Ok, seriously... I don't know if you are reading this blog, since I didn't publicize it or know anybody had found it, but if you are, and if that was directed towards me, I have to respond. I certainly am not that narcissistic, but there was a lot in there that seemed like you were screaming at me. However, there are too many things in it that make me uncertain if it was, otherwise I'd be picking up a phone.
First; horse shit...on so many levels. Maybe you've misread what I've put up here, but it's just been my feelings and me trying to deal. If I'd wanted you to see it, and if I were playing with you, I'd have put it on Myspace. Further, there's really not much in the way of compliments in here...I really didn't think any of it was really that flattering, anyway. And if I were trying to make you feel better (which true, I wouldn't put that past me), I'd be saying how good I was doing and how I'm ok with things and how it's not your fault and be showering you with much more flattering compliments. Hell, I'd probably have texted you as much. I've been worried about myself and venting here, since I'm two hours away from my normal venting outlet.
Are you worth it? HELL YES. Period. Whatever gives you the impression I think otherwise is a misinterpretation of something. That comment in and of itself makes me want to slap some damned sense into you, even if that blog wasn't directed towards me. Not to mention the last line... what the hell are you thinking? Maybe you think your looks are the only thing you've got going for you for some ungodly reason -- maybe some jack ass has told you that based on their opinion -- but it's certainly not what draws me to you. Yes, you're attractive, but honestly, you're not what I normally would go for...I'm too insecure.
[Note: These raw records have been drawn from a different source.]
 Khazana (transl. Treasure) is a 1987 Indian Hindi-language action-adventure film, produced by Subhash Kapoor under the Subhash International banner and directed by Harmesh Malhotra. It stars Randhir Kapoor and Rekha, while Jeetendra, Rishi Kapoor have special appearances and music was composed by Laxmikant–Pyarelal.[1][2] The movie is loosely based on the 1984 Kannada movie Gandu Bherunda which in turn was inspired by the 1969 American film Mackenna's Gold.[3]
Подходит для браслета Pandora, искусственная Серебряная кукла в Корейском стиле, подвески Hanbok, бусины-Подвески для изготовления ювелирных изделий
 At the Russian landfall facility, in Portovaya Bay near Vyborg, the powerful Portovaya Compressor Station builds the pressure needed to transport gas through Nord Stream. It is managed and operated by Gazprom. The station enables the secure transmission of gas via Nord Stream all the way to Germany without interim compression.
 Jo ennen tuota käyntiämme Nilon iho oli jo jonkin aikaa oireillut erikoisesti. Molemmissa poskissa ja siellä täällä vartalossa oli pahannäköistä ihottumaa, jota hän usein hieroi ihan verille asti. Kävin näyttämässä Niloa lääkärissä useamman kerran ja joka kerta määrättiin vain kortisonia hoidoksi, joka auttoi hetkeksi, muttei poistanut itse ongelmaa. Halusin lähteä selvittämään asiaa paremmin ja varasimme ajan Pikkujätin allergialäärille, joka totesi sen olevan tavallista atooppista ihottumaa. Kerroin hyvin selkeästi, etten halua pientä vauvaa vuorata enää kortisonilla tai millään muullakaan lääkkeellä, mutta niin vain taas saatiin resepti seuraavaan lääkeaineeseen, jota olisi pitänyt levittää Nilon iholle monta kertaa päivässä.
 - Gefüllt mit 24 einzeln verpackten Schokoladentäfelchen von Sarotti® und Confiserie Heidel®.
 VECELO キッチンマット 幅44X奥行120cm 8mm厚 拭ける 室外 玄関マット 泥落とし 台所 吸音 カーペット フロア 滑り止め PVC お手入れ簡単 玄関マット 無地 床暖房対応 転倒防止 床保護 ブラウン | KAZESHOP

What draws me is your spunk, your eyes, your smile and laughter, your heart, your touch and smell, your imperfection and failings, your kindness and even your bitchiness. Your description of yourself is inadequate. Your description of who you're looking for makes me smile. So are you worth anything I've been through. You are worth keeping, even as a friend, whether you believe it or not. I just have to do what I can to get over you at this point so that I'm not going through torture seeing you. So needless to say, you have far more going for you than your looks, you dumb shit.
And what the hell are you talking about in the way of competition? That's one of the things that make me think that blog entry was not about me. The only competition I ever experienced, if you want to call it that, was competing for your heart. You told me I lost that one. So I have no idea what that's even about.
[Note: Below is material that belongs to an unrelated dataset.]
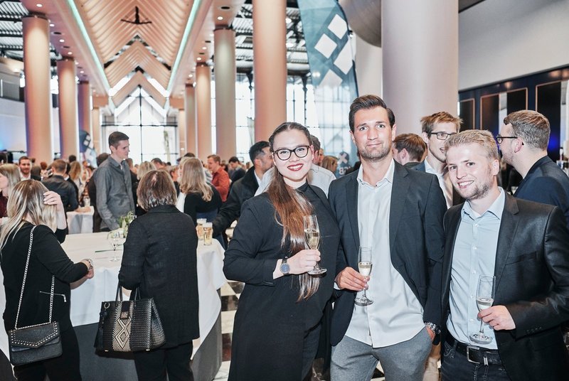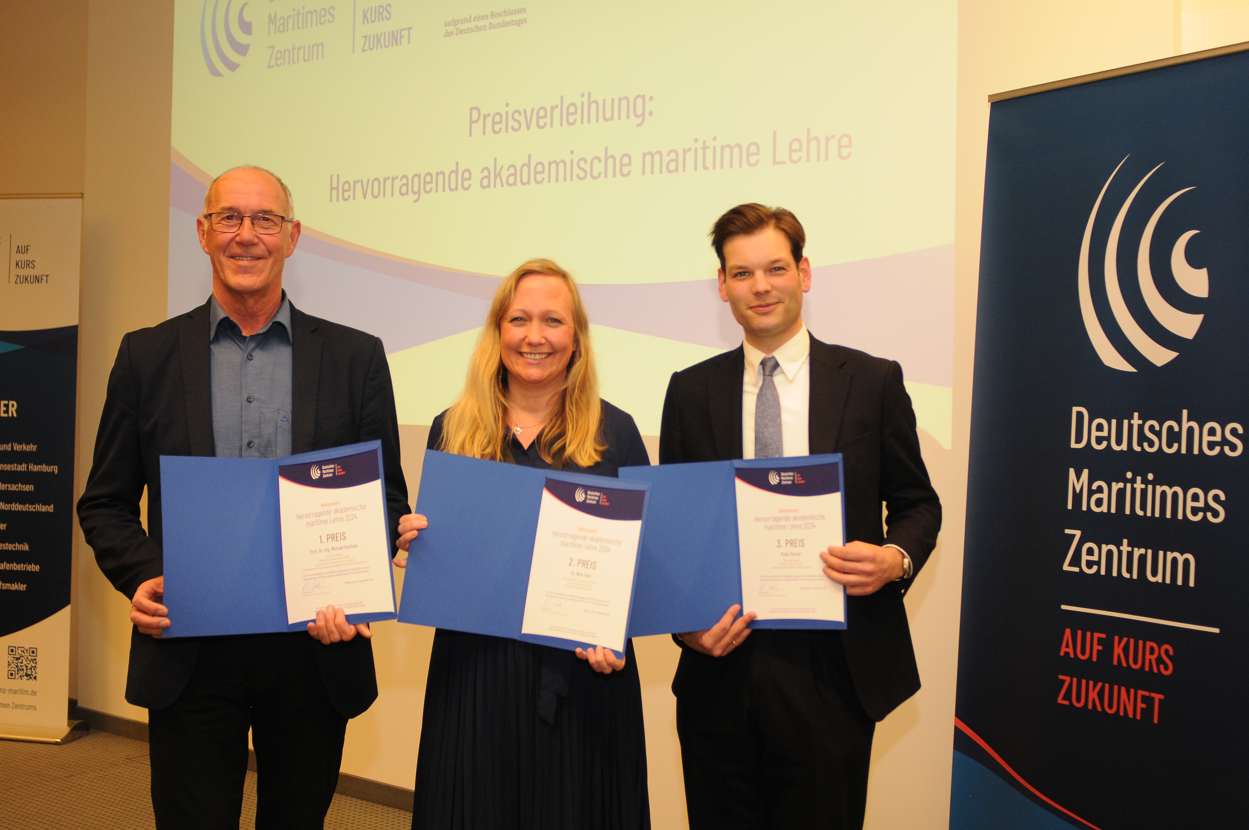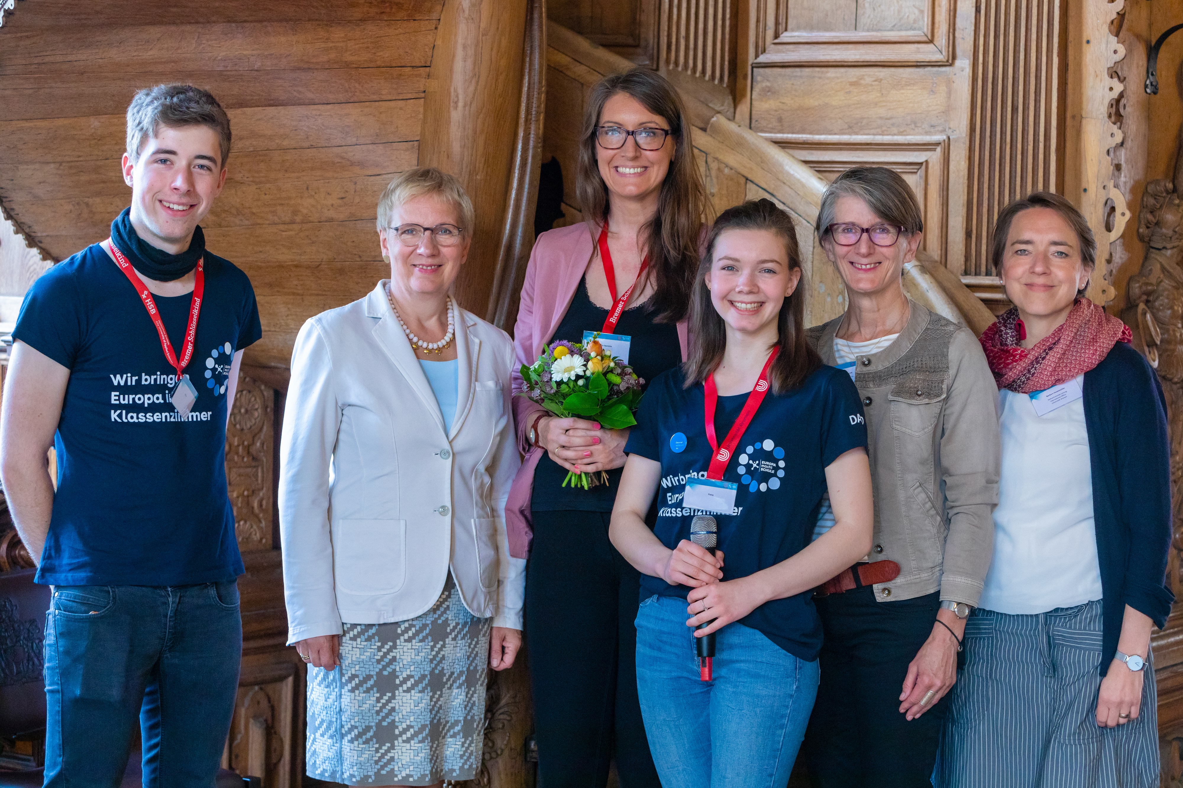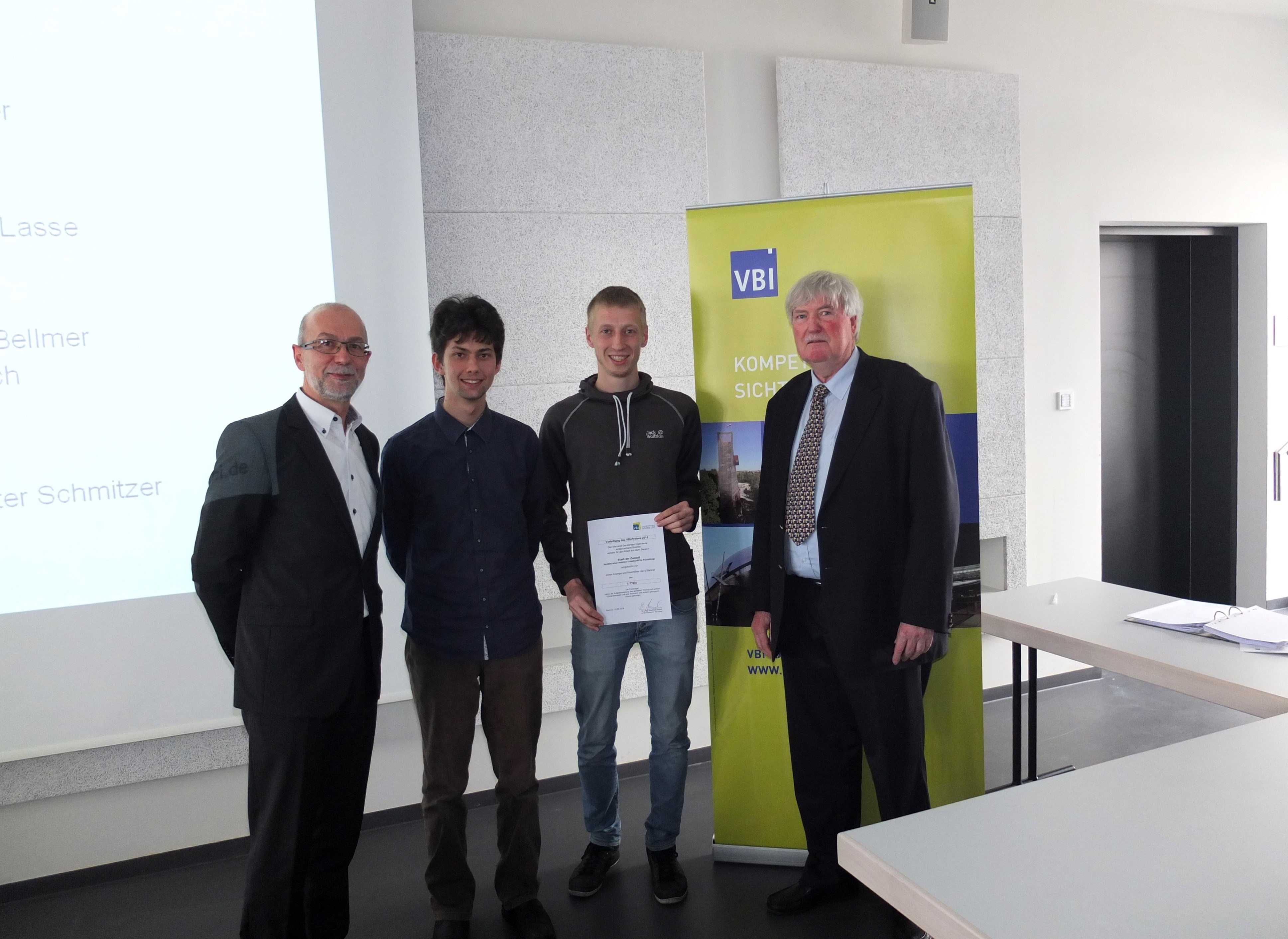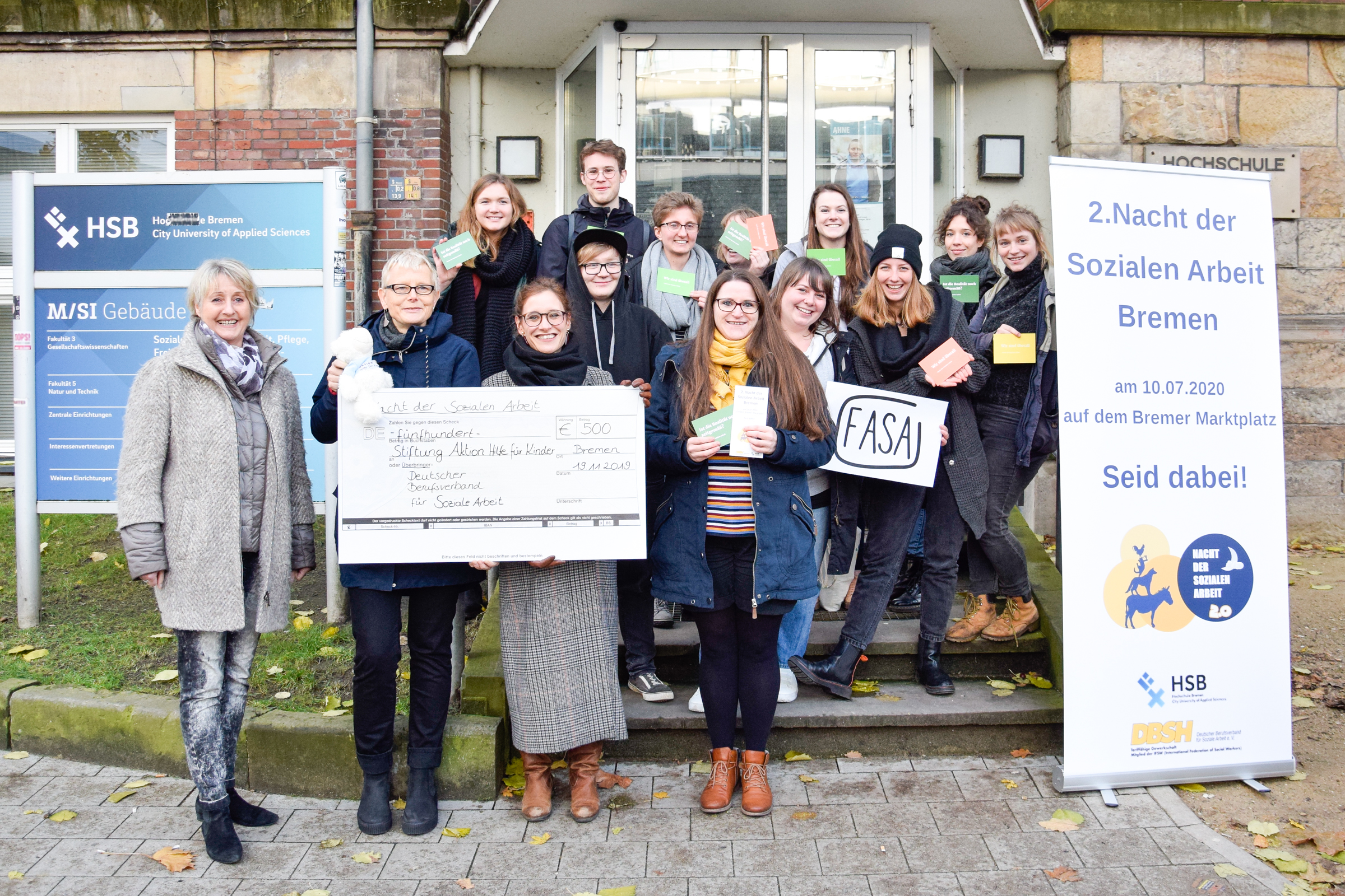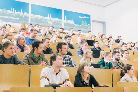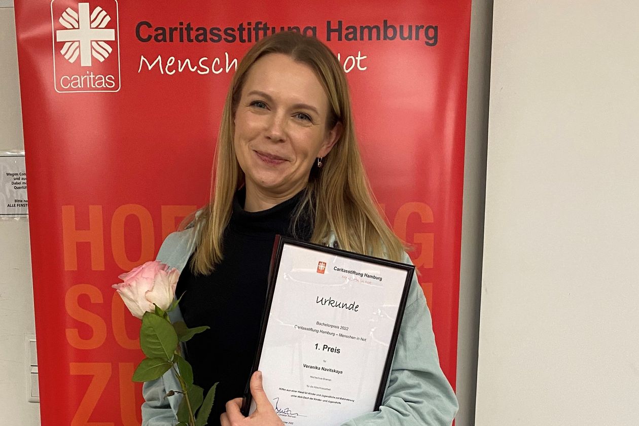 v.l.n.r.: Prof. Dr. Wiebke Scharff Rethfeldt (Betreuerin), Anna-Maria Kuttenreich (Preisträgerin), Uwe Nullmeyer (Initiativkreis), Tim Reiners (Initiativkreis; halb verdeckt), Rektorin Prof. Dr. Karin Luckey, Dr. Frank Thoss (Initiativkreis), Julia Maxwitat-Balzer (Sparkassen-Stiftung), David Hamburger (Preisträger), Prof. Dr. Ulrich Kuron (Betreuer), Julius Hetzel (Preisträger) und Prof. Dr. Martin Hering-Bertram (Betreuer) (Fotograf: Shuvo Sarkar, Hochschule Bremen)

Bottom line; I'm not playing games. I've never been any good at it. I'm not I'm not playing the musical communication game, either. It was cute, and I enjoyed it, but now I don't see much of a point. The songs have been selected because I like them, and yes, some reflect my present mood. But I'm not trying to tell you anything with them anymore.
I care for you, even still, but without more from you, I don't know what to say or what to do. I miss your texts and your calls and spending time with you. And yes, if nothing else, you should get from this blog that I'd still like to hear from you. I'm just not sure what I could say to initiate a conversation anymore.
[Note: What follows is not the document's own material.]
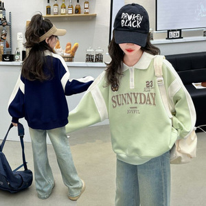 女孩秋季POLO领上衣潮中大童拼色运动风春季新款翻领洋气时尚卫衣
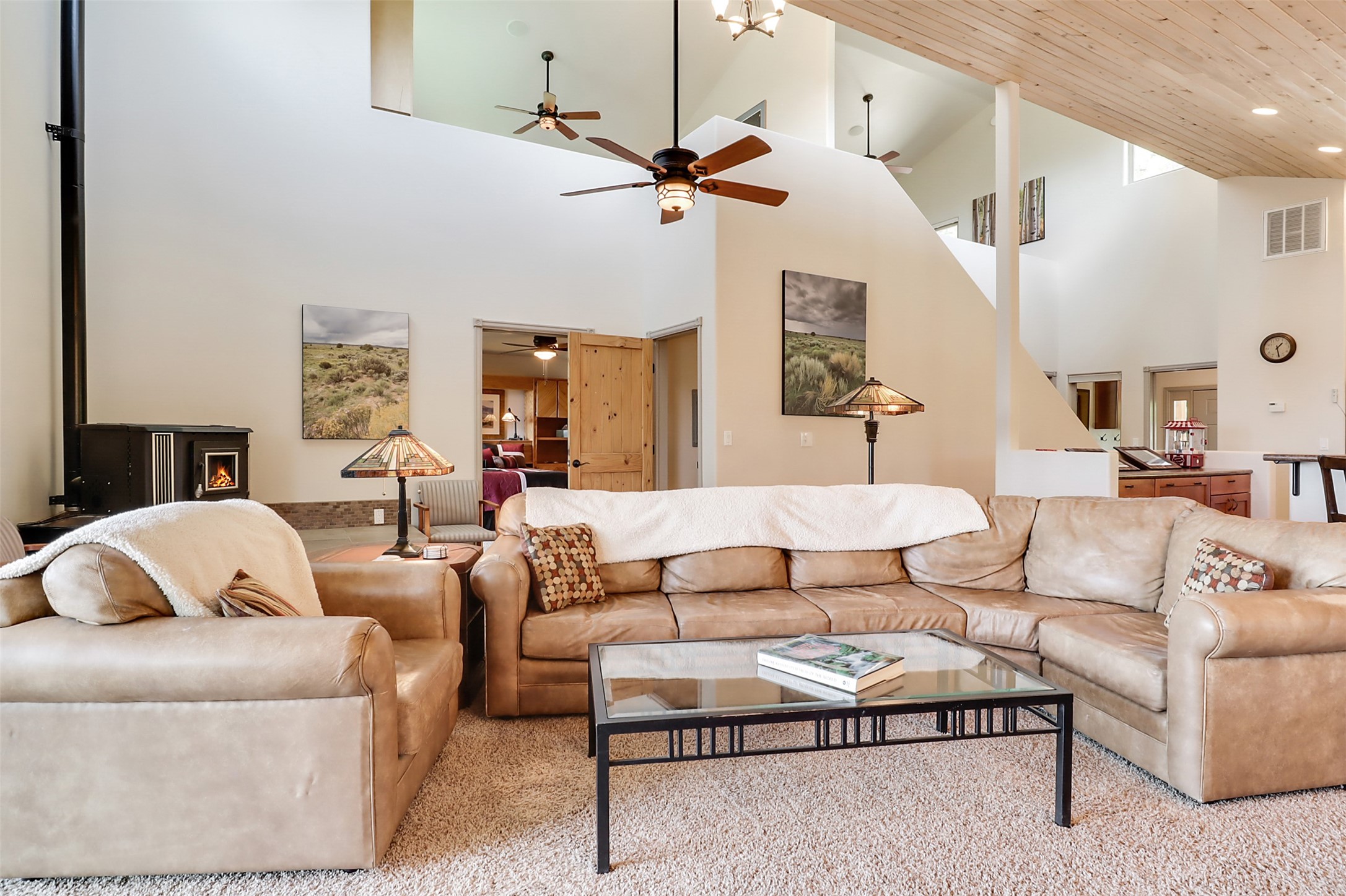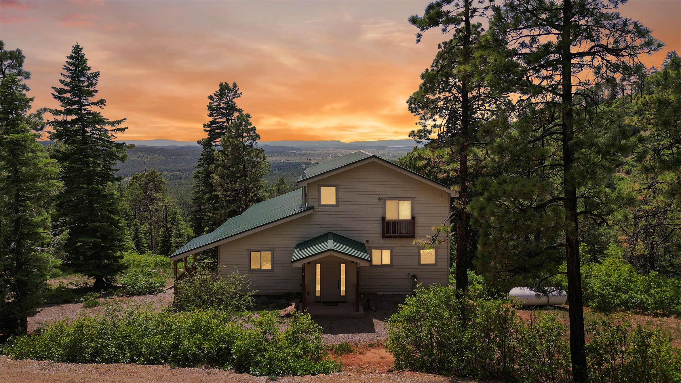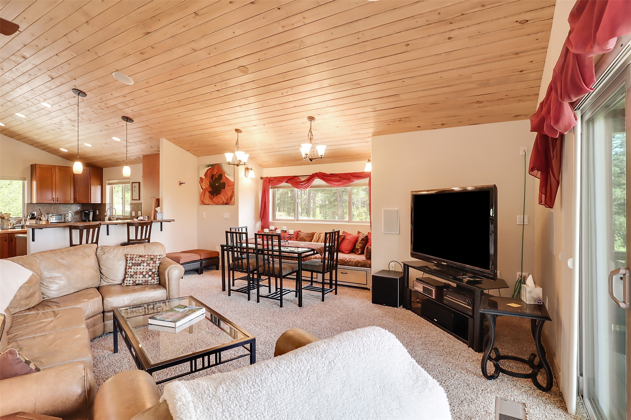 Put this amazing property on your short list to view today! If privacy, quality, comfort, and million dollar views are important when looking for your next home, this is it! Buyers will find that 109 A Brass Cap Rd is an easy to care for property so one can relax and enjoy their precious time with family and friends among the tall pines. This custom Tri Level turn key home is offered with all furnishings, fixtures and appliances as shown. The covered entrance, mudroom, laundry, kitchen, dining, family room and primary bedroom are located on the main level. The upper level opens into a large loft area for additional sleeping or recreation, a full bath and 2nd bedroom. There's a movie theater, 1/2 bath and oversized finished garage at the lower level. Interior features include an open kitchen, living and dining area, ceiling fans, surround sound, pellet stove, wood doors and beams, tiled wet areas, carpeted living and bedrooms. The kitchen has tiled backsplashes, stainless steel appliances to include a beverage fridge, pull out microwave, electric cooktop, bar top with stools and plenty of counter space. The primary bedroom has direct access to the upper level deck, a walk-in closet, dual sinks, large tiled shower with bench seat and a whirlpool tub. Enjoy family movie nights, your favorite sports and television in the theater room which comfortably seats seven. Spectacular views and sunsets await you on the primary deck. Entrance to the community "Ticonderoga" is gated and closed to the public. Utility service to the home is underground public electric, shared well (one neighbor), propane and a private septic. Heat is provided by forced air and a pellet stove. There is an HOA and Covenants in place. The community has several private fishing ponds for residents and guests. Primary roads are maintained for year round use. Recreation and activities in the Chama, NM area are abundant and generally only a few minutes commute.

In a way, I hope I'm wrong, and that you haven't found this blog. I never meant to cause you any more hurt. It seems like your self-esteem is lower than you let on, and I hope that's not why you don't see us going anywhere...I really hope it's not because you wanted get out while the getting was good; before I hurt you; because that was not going to happen (at least, not intentionally or in that manner). I feel bad enough about saying anything to anyone you knew. I didn't know the circumstances, but that doesn't excuse my behavior. I'm sorry; it's one of my few true regrets. I wish I could take it back, or fix it (and everything else), but I can't.
Be safe. Get out of bed. You're a good man and you are worth it.